• _Information supplied_:
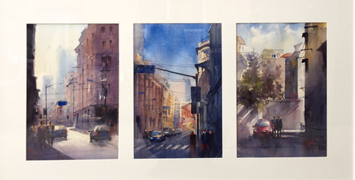 2018年入選上海市水彩畫作品展, 作品名《上海街景》;
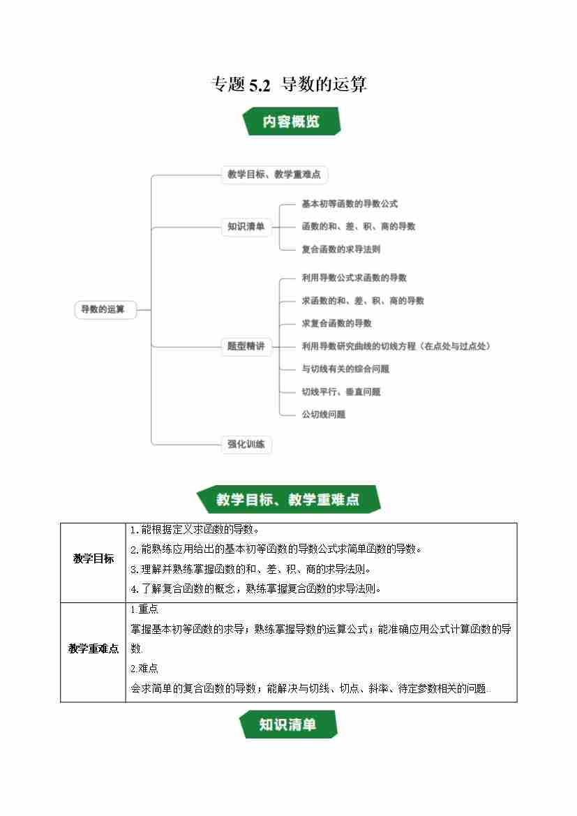专题5.2 导数的运算(高效培优讲义)(学生版)
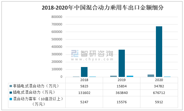 2020年中國非插電式混合動力乘用車出口金額為34782萬元,同比增長119.7%;插電式混合動力乘用車出口金額為676712萬元,同比增長86%;混合動力客車出口金額為5912萬元,同比下降62%。

• _Task to carry out_:
Copy the listing above in full and exactly, but omit each picture that it holds.

• _Exercise response_:
 2018年入選上海市水彩畫作品展, 作品名《上海街景》;
专题5.2 导数的运算(高效培优讲义)(学生版)
 2020年中國非插電式混合動力乘用車出口金額為34782萬元,同比增長119.7%;插電式混合動力乘用車出口金額為676712萬元,同比增長86%;混合動力客車出口金額為5912萬元,同比下降62%。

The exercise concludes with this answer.